● WHAT IS NEEDED
The expected output is an exact copy of each line from the line with "对于买酒的渠道场合,分析认为" through the end of the data below, with no pictures in it.

● SUPPLIED INFORMATION
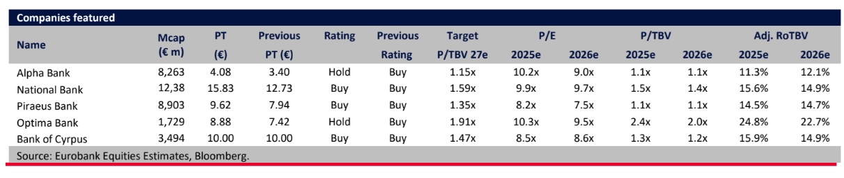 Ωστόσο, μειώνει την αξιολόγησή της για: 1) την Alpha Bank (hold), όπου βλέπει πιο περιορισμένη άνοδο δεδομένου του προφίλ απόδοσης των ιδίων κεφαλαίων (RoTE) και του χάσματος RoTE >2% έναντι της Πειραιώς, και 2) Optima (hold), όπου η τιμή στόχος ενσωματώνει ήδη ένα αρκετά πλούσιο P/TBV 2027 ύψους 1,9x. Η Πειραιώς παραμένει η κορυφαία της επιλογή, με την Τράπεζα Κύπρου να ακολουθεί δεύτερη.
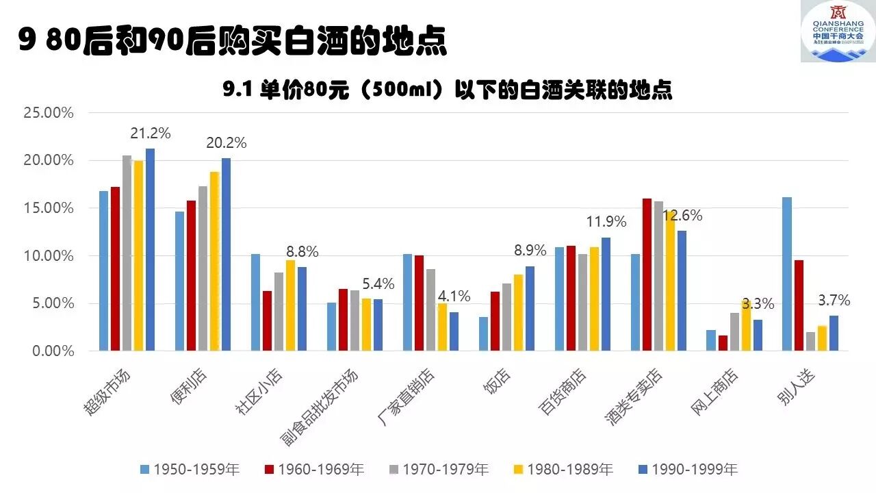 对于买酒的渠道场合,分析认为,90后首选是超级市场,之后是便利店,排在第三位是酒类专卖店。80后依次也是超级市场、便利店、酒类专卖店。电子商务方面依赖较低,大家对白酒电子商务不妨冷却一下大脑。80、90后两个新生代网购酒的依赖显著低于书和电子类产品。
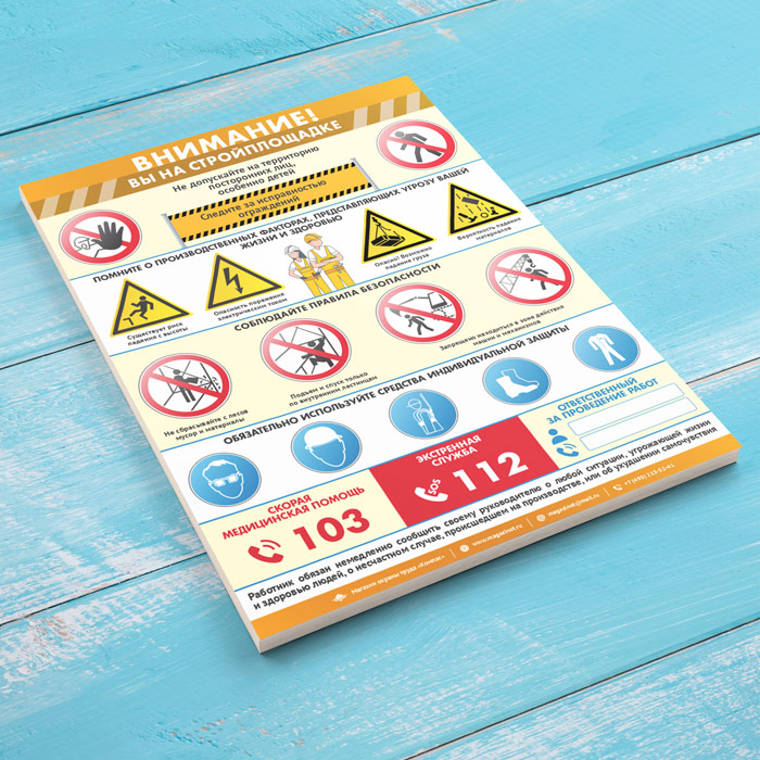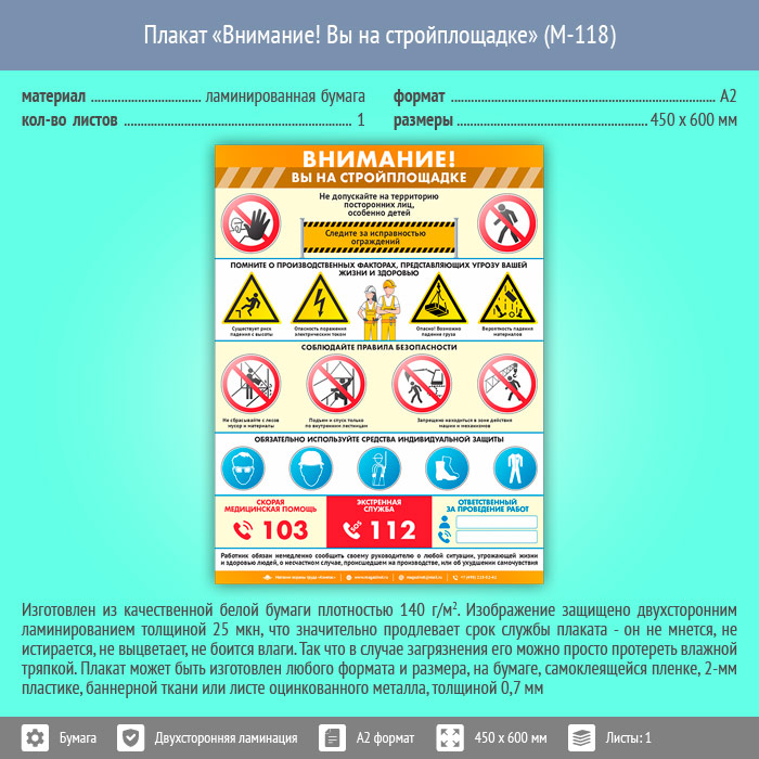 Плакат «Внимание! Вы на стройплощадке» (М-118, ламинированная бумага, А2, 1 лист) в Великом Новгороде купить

● YOUR SOLUTION
 对于买酒的渠道场合,分析认为,90后首选是超级市场,之后是便利店,排在第三位是酒类专卖店。80后依次也是超级市场、便利店、酒类专卖店。电子商务方面依赖较低,大家对白酒电子商务不妨冷却一下大脑。80、90后两个新生代网购酒的依赖显著低于书和电子类产品。
 Плакат «Внимание! Вы на стройплощадке» (М-118, ламинированная бумага, А2, 1 лист) в Великом Новгороде купить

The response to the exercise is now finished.